Derde-partij (hierna: vergunninghouder) heeft in het besluit van 16 december 2020 een omgevingsvergunning gekregen voor de legalisatie van een bestaande brug aan de [adres 1] in [woonplaats] . De brug is gebouwd boven het naastgelegen water en verbindt twee percelen die in eigendom zijn van vergunninghouder met elkaar. Eisers wonen naast vergunninghouder aan de [adres 2] en [adres 3] en hebben bezwaar gemaakt tegen de verleende omgevingsvergunning.
In het besluit van 13 juli 2021 (bestreden besluit) heeft het college het bezwaar van eisers tegen het primaire besluit gegrond verklaard.

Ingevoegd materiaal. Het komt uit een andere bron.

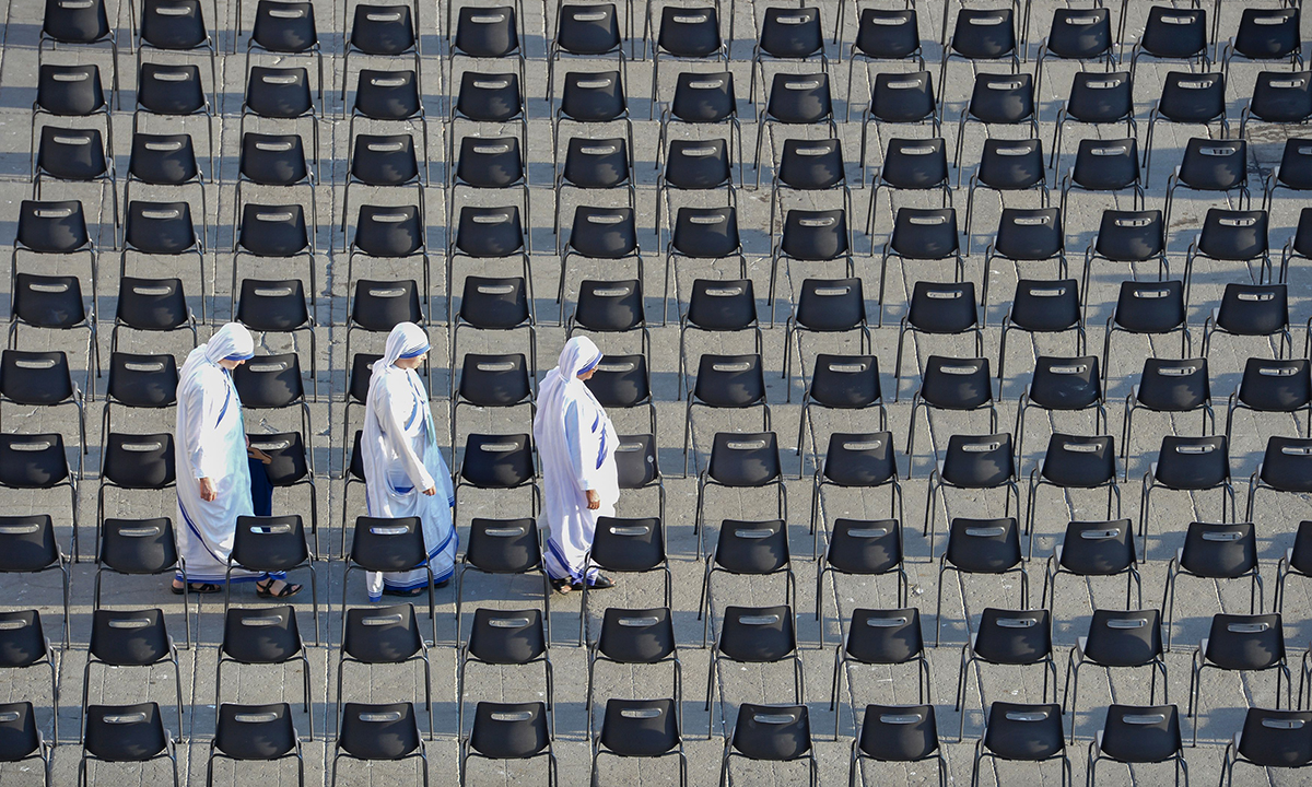 4 settembre 2016 Tre Sorelle della carità camminano tra le sedie ancora vuote, prima della cerimonia di canonizzazione di madre Teresa di Calcutta, in Piazza San Pietro, città del Vaticano.
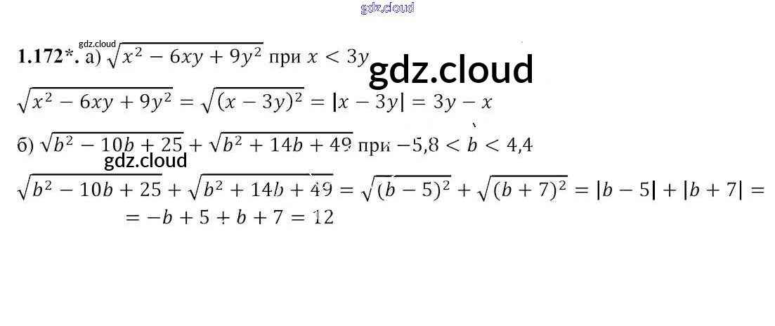 Ответ на задание 1.172 Учебник Алгебра за 8 (восьмой) класс Арефьева, Пирютко 2018
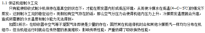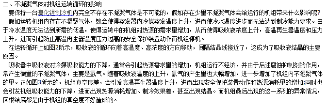 溴化鋰吸收式制冷機(jī)是一種必須保持高度真空狀態(tài)才能進(jìn)行穩(wěn)定工作的制冷設(shè)備。為此,應(yīng)將機(jī)組內(nèi)的空氣以及其他不凝聚性氣體及時(shí)排出。必須保證高真空度的原因:
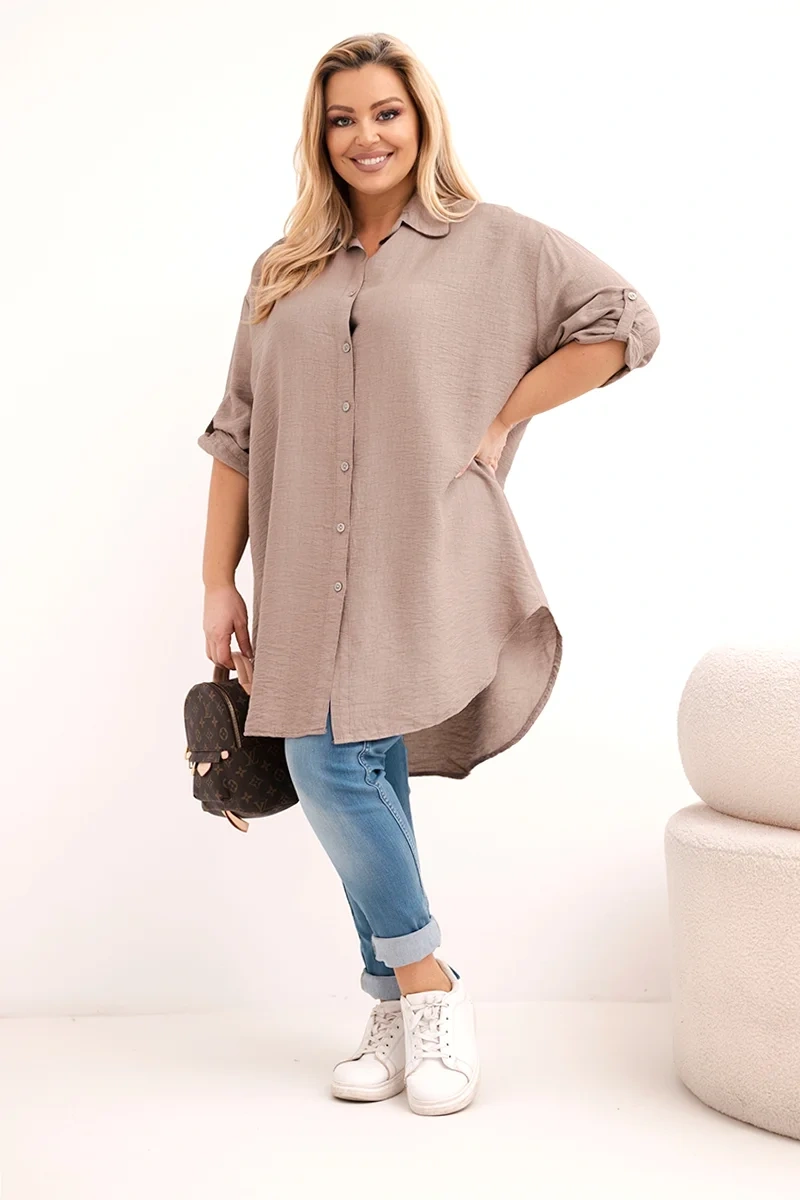 Ta wyjątkowa koszula damska oversize to połączenie swobodnego stylu i elegancji. Wykonana z lekkiej, przewiewnej wiskozy, doskonale sprawdzi się w cieplejsze dni, oferując maksymalny komfort noszenia. Luźny krój typu plus size gwarantuje wygodę, a wydłużony tył oraz rękawy 3/4 z możliwością podpięcia dodają nowoczesnego charakteru.
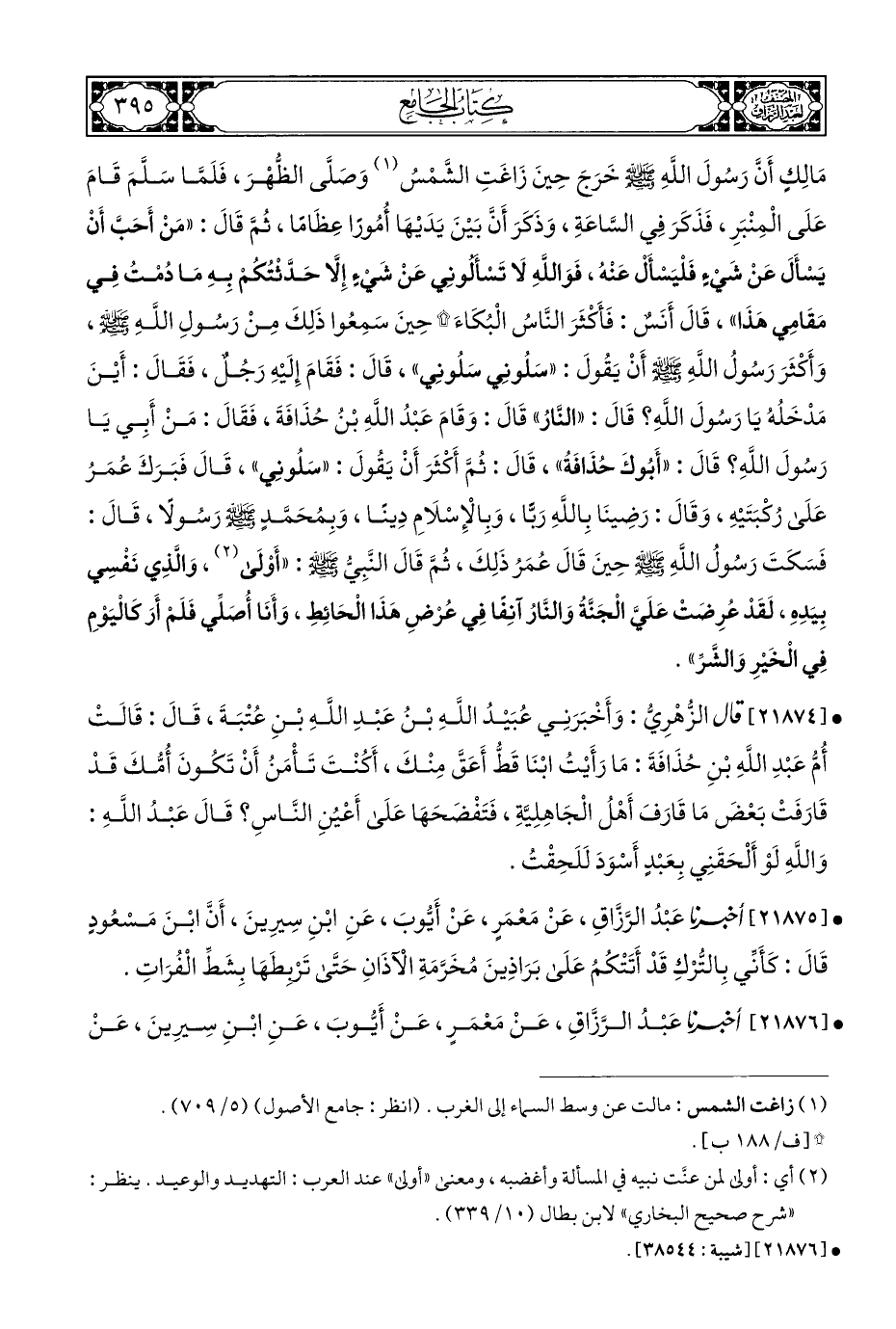مَالِكٍ أَنَّ رَسُولَ اللهِ - صلى الله عليه وسلم - خَرَجَ حِينَ زَاغَتِ الشَّمْسُ (¬١) وَصَلَّى الظُّهْرَ، فَلَمَّا سَلَّمَ قَامَ عَلَى الْمِنْبَرِ، فَذَكَرَ فِي السَّاعَةِ، وَذَكَرَ أَنَّ بَيْنَ يَدَيْهَا أُمُورًا عِظَامًا، ثُمَّ قَالَ: "مَنْ أَحَبَّ أَنْ يَسْأَلَ عَنْ شَيْءٍ فَلْيَسْأَلْ عَنْه، فَوَاللهِ لَا تَسْأَلُونِي عَنْ شَيْءٍ إِلَّا حَدَّثْتُكُمْ بِهِ مَا دُمْتُ فِي مَقَامِي هَذَا"، قَالَ أَنَسٌ: فَأَكْثَرَ النَّاسُ الْبُكَاءَ (*) حِينَ سَمِعُوا ذَلِكَ مِنْ رَسُولِ اللهِ - صلى الله عليه وسلم -، وَأَكْثَرَ رَسُولُ اللهِ - صلى الله عليه وسلم - أَنْ يَقُولَ: "سَلُونِي سَلُونِي"، قَالَ: فَقَامَ إِلَيْهِ رَجُلٌ، فَقَالَ: أَيْنَ مَدْخَلُهُ يَا رَسُولَ اللهِ؟ قَالَ: "النَّارُ" قَالَ: وَقَامَ عَبْدُ اللهِ بْنُ حُذَافَةَ، فَقَالَ: مَنْ أَبِي يَا رَسُولَ اللهِ؟ قَالَ: "أَبُوكَ حُذَافَةُ"، قَالَ: ثُمَّ أَكْثَرَ أَنْ يَقُولَ: "سَلُونِي"، قَالَ فَبَرَكَ عُمَرُ عَلَى رُكْبَتَيْهِ، وَقَالَ: رَضينَا بِاللهِ رَبًّا، وَبِالْإِسْلَامِ دِينًا، وَبِمُحَمَّدٍ - صلى الله عليه وسلم - رَسُولًا، قَالَ: فَسَكَتَ رَسُولُ اللهِ - صلى الله عليه وسلم - حِينَ قَالَ عُمَرُ ذَلِكَ، ثُمَّ قَالَ النَّبِيُّ - صلى الله عليه وسلم - "أَوْلَى (¬٢)، وَالَّذِي نَفْسِي بِيَدِهِ، لَقَدْ عُرِضَتْ عَلَيَّ الْجَنَّةُ وَالنَّارُ آنِفًا فِي عُرْضِ هَذَا الْحَائِطِ، وَأَنَا أُصَلِّي فَلَمْ أَرَ كَالْيَوْمِ فِي الْخَيْرِ وَالشَّرِّ".

Het college herroept de omgevingsvergunning en verleent een nieuwe omgevingsvergunning voor het realiseren van de brug met een nieuwe motivering.
Eisers hebben tegen het bestreden besluit beroep ingesteld.
Het college heeft een verweerschrift ingediend.
De rechtbank heeft het beroep op 14 januari 2022 op zitting behandeld. Namens eisers zijn [eiser 1] en [eiser 3] verschenen, bijgestaan door hun gemachtigde. Het college heeft zich laten vertegenwoordigen door zijn gemachtigde. Derde-partij is verschenen, bijgestaan door zijn gemachtigde.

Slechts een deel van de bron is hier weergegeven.